Overview: We present the design, implementation, and evaluation of PROMISE, a novel peer-to-peer media streaming system encompassing the key functions of peer lookup, peer-based aggregated streaming, and dynamic adaptations to network and peer conditions. Particularly, PROMISE is based on a new application level P2P service called CollectCast. CollectCast performs three main functions: (1) inferring and leveraging the underlying network topology and performance information for the selection of senders; (2) monitoring the status of peers and connections and reacting to peer/connection failure or degradation with low overhead; (3) dynamically switching active senders and standby senders, so that the collective network performance out of the active senders remains satisfactory. Based on both real-world measurement and simulation, we evaluate the performance of PROMISE, and discuss lessons learned from our experience with respect to the practicality and further optimization of PROMISE.

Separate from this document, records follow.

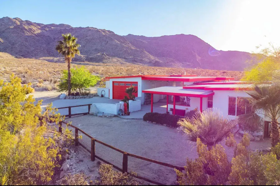 At the end of the road on a peaceful cul-de-sac, this one-of-a-kind desert retreat offers uninterrupted majestic mountain views, and total tranquility. Surrounded by pristine natural landscape and old growth trees it's the perfect escape for those seeking peace, privacy, and that unmistakable desert magic. Start your day with a hike right from your front door, then wind down in the hot tub under the stars. Enjoy quiet mornings on the covered breezeway and cozy evenings by the back patio fire pit. The home's eclectic desert style shines with custom tile work, concrete and tile flooring, vintage wallpaper and designer decor throughout. The well-equipped kitchen includes stylish hardware and artistic touches, while the dining area features a custom wood accent wall. Adding warmth and charm to the living space, the fireplace serves as a stunning focal point with its unique design and cozy presence. Tucked away for maximum privacy, the primary bedroom is a peaceful sanctuary all its own. Separate from the main living space and accessed off the patio for a true retreat feel. Wake up to mountain views and desert light streaming in. Featuring an en-suite bath and styled with warm, eclectic touches, it's the perfect blend of comfort, calm, and charm. The inviting in-house bedroom makes the most of its space with thoughtful design and cozy details featuring stylish decor, great natural light, and easy access to the rest of the home. A perfect little hideaway to rest, recharge, or get inspired. Additional features include: Mini splits for efficient heating & cooling, large laundry room, storage closet, shed, and 2-car garage with built-in cabinetry and workbench. The fenced yard is ideal for furry companions, and the desert landscaping is both beautiful and low maintenance. Whether you're looking for a personal sanctuary or a turnkey short-term rental, this special home is ready for you to move in or Airbnb on day one. Just minutes from Joshua Tree National Park, local shops, and restaurants yet far enough to enjoy total solitude. Furnishings, art, and accessories may be available for purchase outside of escrow.
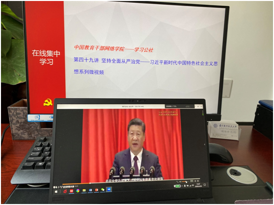 最后,借助中国教育干部网络学院在线学习平台共同学习了《坚持全面从严治党——习近平新时代中国特色社会主义思想系列微视频》。
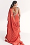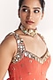 Featuring a tangerine anarkali in georgette sequins base with mirror embroidery. It is paired with a ruffled dupatta. Accentuate it with kundan polki jewellery and embellished heels for weddings or a festive ceremony.
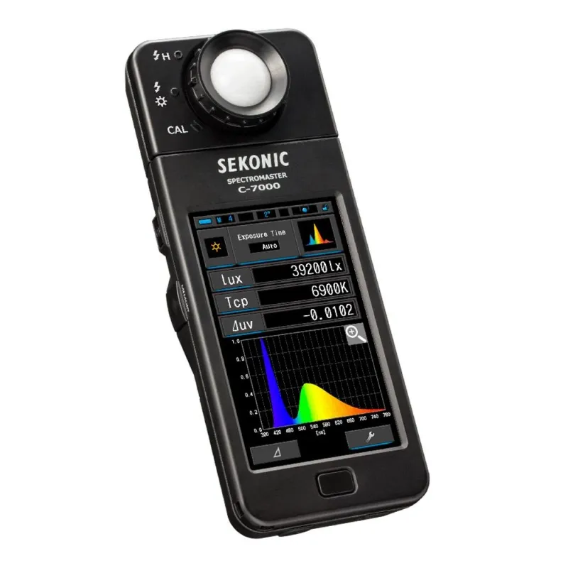 Utilizing Sekonic’s CMOS linear image sensor design and large touch-screen color display, the C-7000 can measure and accurately describe LED, HMI, fluorescent, as well as natural light and electronic flash.
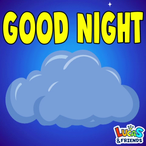 An animated "Good Night" message featuring a smiling moon and clouds from Lucas & Friends.
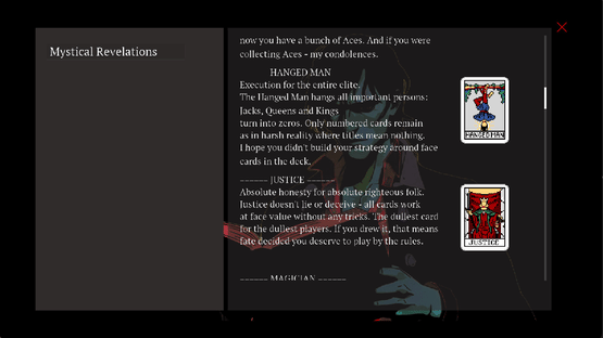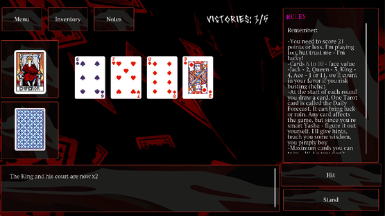 Tarot meets Blackjack with psychological horror inspired by Dostoevsky. A gore card game based on one of the strangest novels. Gameplay with puzzles, dark themes, surreal horror, cards and black humor. Experimental gameplay blending multiple mechanics
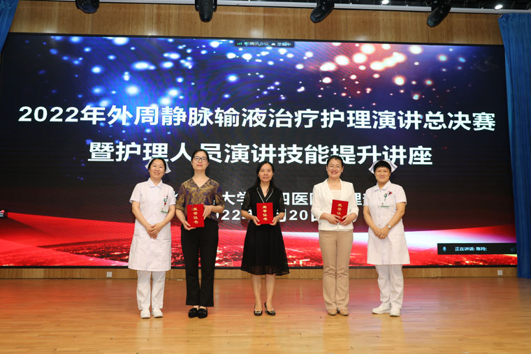 本次活动分为演讲竞赛和讲座两个环节,评委由崔妍老师、护理部主任、副主任和临床静疗护理专家共同组成。参赛选手是两个院区经初赛选拔出的6位护士长。大家从血管通路产品与技术创新、降低外周静脉治疗堵管发生率、外周通路并发症的预防与处理、特殊专科质量控制(放射、儿科、急诊等)、静脉治疗教育培训、专科护士培训等方面进行选题,演讲内容紧贴临床,具有创新性和实用性。
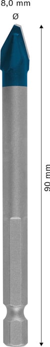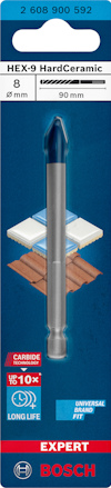 Håller upp till 10 gånger längre än CYL-9 Ceramic kakelborr - Eftersom väggkakel har blivit större och hårdare är det numera väldigt krävande för kakelborret när man borrar i dem. Bosch har därför utvecklat EXPERT HardCeramic borr, som kan torrborra i hårda kakel och klinker och håller mycket längre än våra standardkakelborr. Det här specialiserade, hårda kakelborret använder Bosch Carbide Technology – den hårdaste metall som finns – och kombinerar den med en avancerad mångfacetterad spetsdesign som fördelar belastningen över flera asymmetriska ytor. Den komplexa borrspetsen har konstruerats med hjälp av tillverkningsteknik för finslipning och möjliggör också en exakt startpunkt utan att borret glider eller repar ytan. Bosch EXPERT HEX-9 HardCeramic-borret är konstruerat för borrning i kakel och klinker och kan borra hål i hårda plattor utan smörjmedel eller kylning. Hex shank for strong connection and maximum torque transmission in three-jaw chucks and ¼" internal hex tool holders.
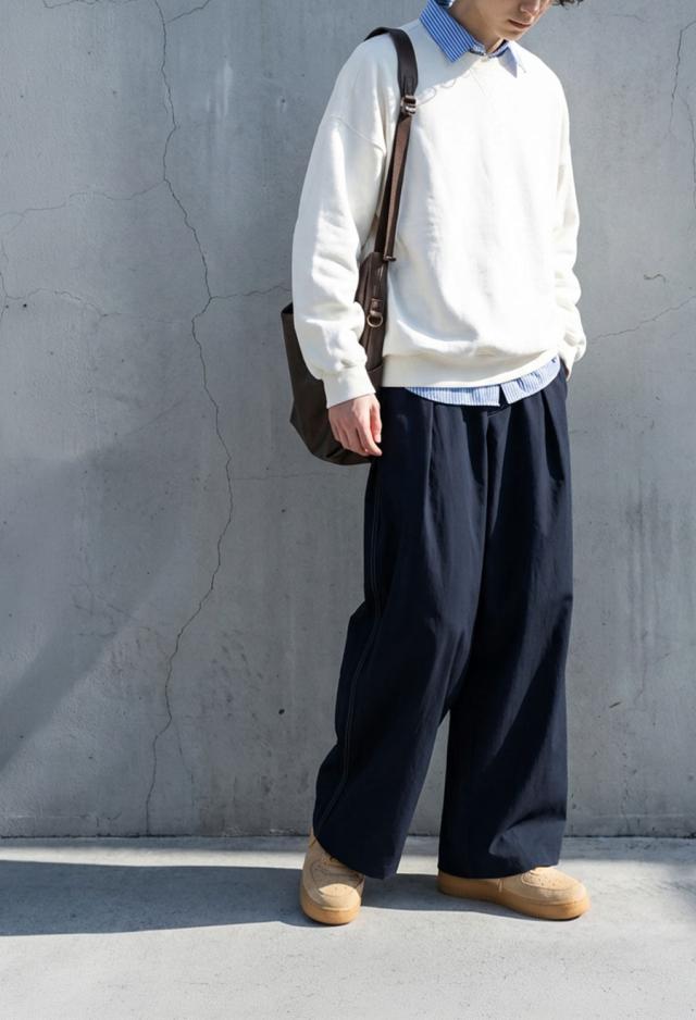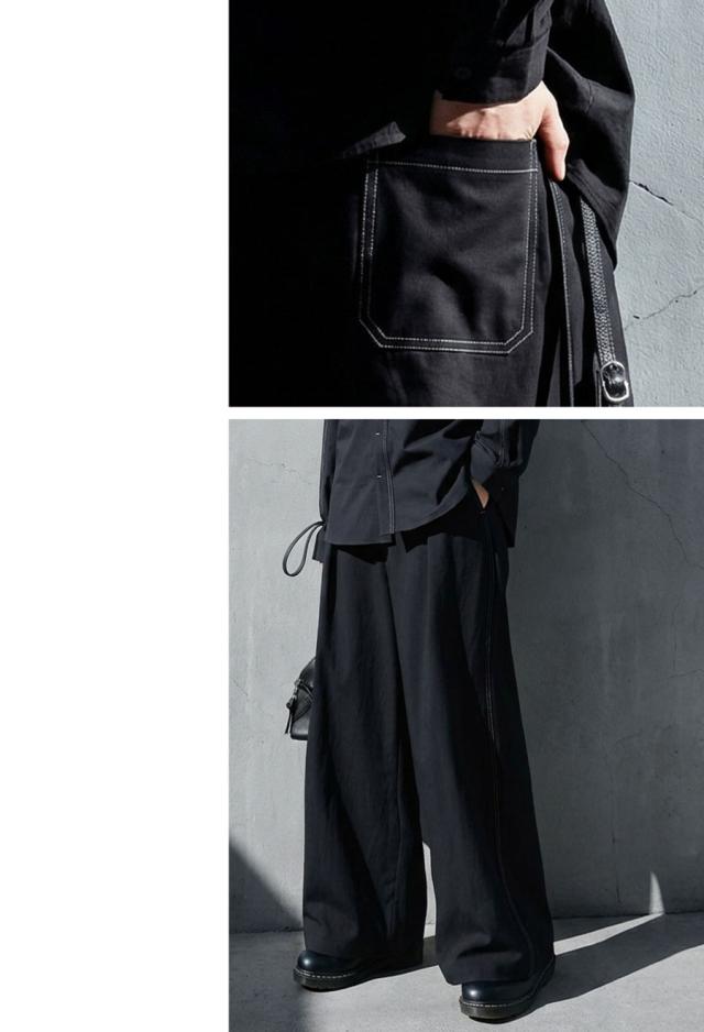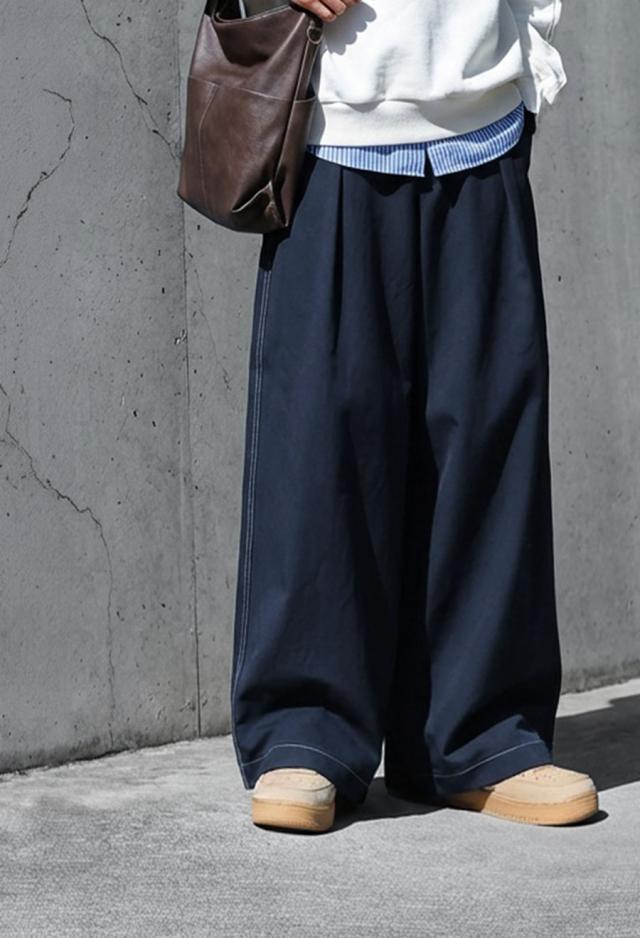 配色ステッチ ワイドパンツ メンズ ロング 無地 送料無料・メール便不可 春新作
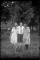Trīs jaunas sievietes un stirna mājas pagalmā. : Fotonegatīvs

People: Mohamed Hefeeda (Purdue University), Ahsan Habib (Purdue University), Boyan Botev (Purdue University), Dongyan Xu (Purdue University), Bharat Bhargava (Purdue University)

Publications:

M. Hefeeda, A. Habib, B. Botev, D. Xu, D. B. Bhargava, CollectCast: A Peer-to-Peer Service for Media Streaming, ACM Multimedia Systems Journal, (under revision) Sept. 2004.

M. Hefeeda, A. Habib, B. Botev, D. Xu, D. B. Bhargava, PROMISE: Peer-to-Peer Media Streaming Using CollectCast, In Proc. of ACM Multimedia 2003, Berkeley, CA, November 2003.

M. Hefeeda, A. Habib, D. Xu, B. Bhargava, CollectCast: A Tomography-Based Network Service for Peer-to-Peer Streaming, In ACM SIGCOMM'03 Poster Session, Karlsruhe, Germany, August 2003.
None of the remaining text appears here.